# Horror story in Liberty, SC



## lgnutah (Feb 26, 2007)

I am not involved in rescue, but do read the threads about the dogs needing to be rescued. I've noticed lately that SC, GA and to a lesser extent NC, seem to appear more often in threads as states having dogs needing to be rescued.
Is this because there are more active rescue groups trying to help? Or because the people in these states are less responsible so more dogs go into rescue?
I am really wondering because today as I was driving home, I heard on the radio that animal control in Liberty, SC had rescued 179 animals from ONE home (animals included birds, dogs and I don't know what else). They said there were dead dogs on the property and others near starvation. I only caught the end of the broadcast so know nothing else. But, my thought was, how could anyone have 179 animals, and why? (especially since they clearly weren't animal lovers). And what is going to happen to all of them?


----------



## Pointgold (Jun 6, 2007)

The south is a hotbed for puppy mills, infortunately.


----------



## coppers-mom (Jan 9, 2009)

I live about 15 miles from Liberty. I'll see if I can get more info.

This was probably someone who started out thinking they were doing good and got in over their heads. A lot of dogs and cats are being turned into shelters and horses are being handed over to rescued because the owners can't afford them any more.

I believe ACC posts a fair amount of GA/SC/NC dogs because she gets a response. I know she mentioned that the CA dogs she posted had no replies. It has to be disheartening. I help when I can, but won't even look at one that is too far away for me to help.

Pickens County animal control is horrible. They have been sued and the locals have attempted to improve the conditions over there (probably 5miles from my house), but the director is not interested. I believe the quote was someting along he lines of "We are supposed to be a temporary holding situation, not a shelter"). I have been there and know a local rescue group that pulls from there. It is not a pleasant place.


----------



## AquaClaraCanines (Mar 5, 2006)

The South is rampant with neglectful people- mostly out of ignorance and cultural acceptance of keeping pets outdoors and so forth. Poverty, too.


----------



## Augustus McCrae's Mom (Aug 14, 2007)

Here's the article on it:
http://www.wyff4.com/news/21665199/detail.html

I just saw the headline last night before I went to bed that it was in Anderson (I guess they had that wrong). Liberty is a small town, and other than Clemson, I'd say Pickens County is mostly rural. I know a lot of people from my small home town that lived out in the country, and almost none of them had indoor dogs. The dogs were allowed inside, and slept there at night, but during the day, the dogs just run around wherever. I could never do that. Even now, keeping my dogs in crates, I'm still worried something's gonna happen to them. I think it is an issue down south that people just see animals as animals and not as part of the family.


----------



## Augustus McCrae's Mom (Aug 14, 2007)

Oh dear, from the article I posted: WYFF has learned that the home belonged to an Anderson animal control officer and an animal rescue worker.


----------



## CAROLINA MOM (May 12, 2009)

I'm with Cape Fear Golden Retriever Rescue based in Wilmington NC, it's a combination of several factors. The economy in NC is very bad in some areas of the state-people have lost their jobs, their homes and cant' care for their animals. We have requests almost daily for Owner Surrenders. Area shelters are full of dogs being turned in by owners who can not afford to take care of them. The number of animals being put down in shelters is extremely HIGH and some of the shelters in NC are in absolutely horrible condition, especially those in rural areas. There is one county not far from me that doesn't even have a county shelter of any kind for any animals. This does not take into consideration the number of animals being dumped along the side of the road or out in the woods to fend for themselves and eventually starve to death.

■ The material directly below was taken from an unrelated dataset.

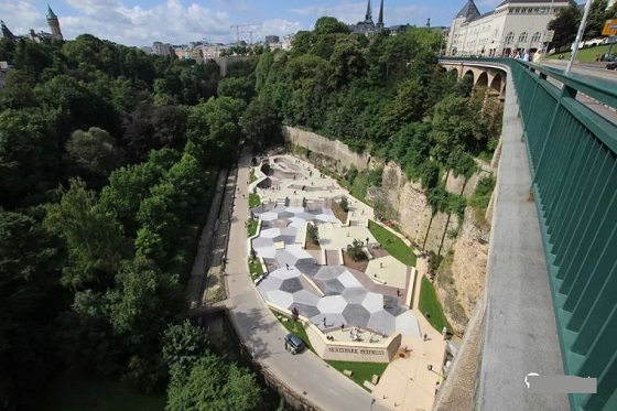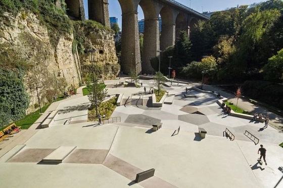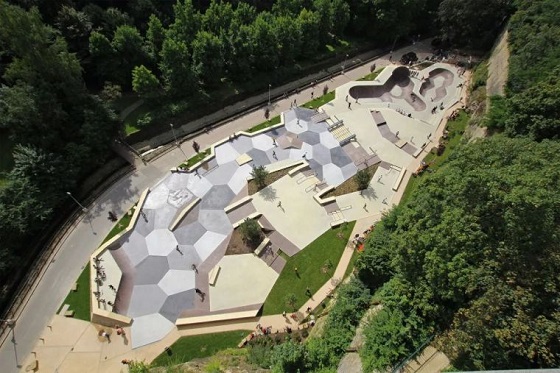 該極限運動滑板公園設計已經融合了游樂場、健身公園、綠地、林間小徑以及家庭野餐區的熱鬧景點。滑板公園的正上方是橫穿一座大橋。

There are a lot of very irresponsible pet owners too-pet overpopulation due to animals not being spayed/neutered. Backyard breeders, puppy mills, etc. People breeding dogs trying to make money to live on by selling pups. People who put ads on Craigslist or area yard sales websites trying to sell their animals to make money off of them. I contact the sellers always, I usually do no hear back from them or when I do they say they want a GOOD HOME for the dog not a Rescue-in other words whoever shows up first with the money in hand usually gets the dog.

The NC laws regarding animal abuse, neglect, and cruelty are so laxed too.


----------



## fostermom (Sep 6, 2007)

CAROLINA MOM said:


> There are a lot of very irresponsible pet owners too-pet overpopulation due to animals not being spayed/neutered. Backyard breeders, puppy mills, etc. People breeding dogs trying to make money to live on by selling pups. People who put ads on Craigslist or area yard sales websites trying to sell their animals to make money off of them. I contact the sellers always, I usually do no hear back from them or when I do they say they want a GOOD HOME for the dog not a Rescue-in other words whoever shows up first with the money in hand usually gets the dog.
> 
> The NC laws regarding animal abuse, neglect, and cruelty are so laxed too.


100% what she said. I have been at the shelter to pull an animal and someone will come in to adopt a dog and they will argue with the folks at the front desk because they don't want the dog they are adopting to be spayed/neutered!


----------



## CAROLINA MOM (May 12, 2009)

Most of the shelters CFGRR deals with, offer Spay/neuter vouchers for adopted dogs-however, the shelter does not follow up with the adopters to see if the animal has been spayed or neutered either.


----------



## Dallas Gold (Dec 22, 2007)

> 100% what she said. I have been at the shelter to pull an animal and someone will come in to adopt a dog and they will argue with the folks at the front desk because they don't want the dog they are adopting to be spayed/neutered!


Sadly, I've attended rescue meet and greets where people have come up to lambast us because all of our rescues are spayed or neutered before adoption and we won't make an exception. They just don't get it!


----------



## fostermom (Sep 6, 2007)

Dallas Gold said:


> Sadly, I've attended rescue meet and greets where people have come up to lambast us because all of our rescues are spayed or neutered before adoption and we won't make an exception. They just don't get it!


They really don't. And I don't know how you can educate people like that.


----------



## CAROLINA MOM (May 12, 2009)

It upsets me to see PUREBRED puppies being advertised for sale in local papers or on websites, when I see shelter listings full of the same breed puppies or adult dogs in shelters that will die if not adopted. 

People are not aware of the thousands of animals that are put down in shetlers througout the U.S. daily or the dollar amount of their tax dollars being spent to do so or they don't care which is even sadder!


----------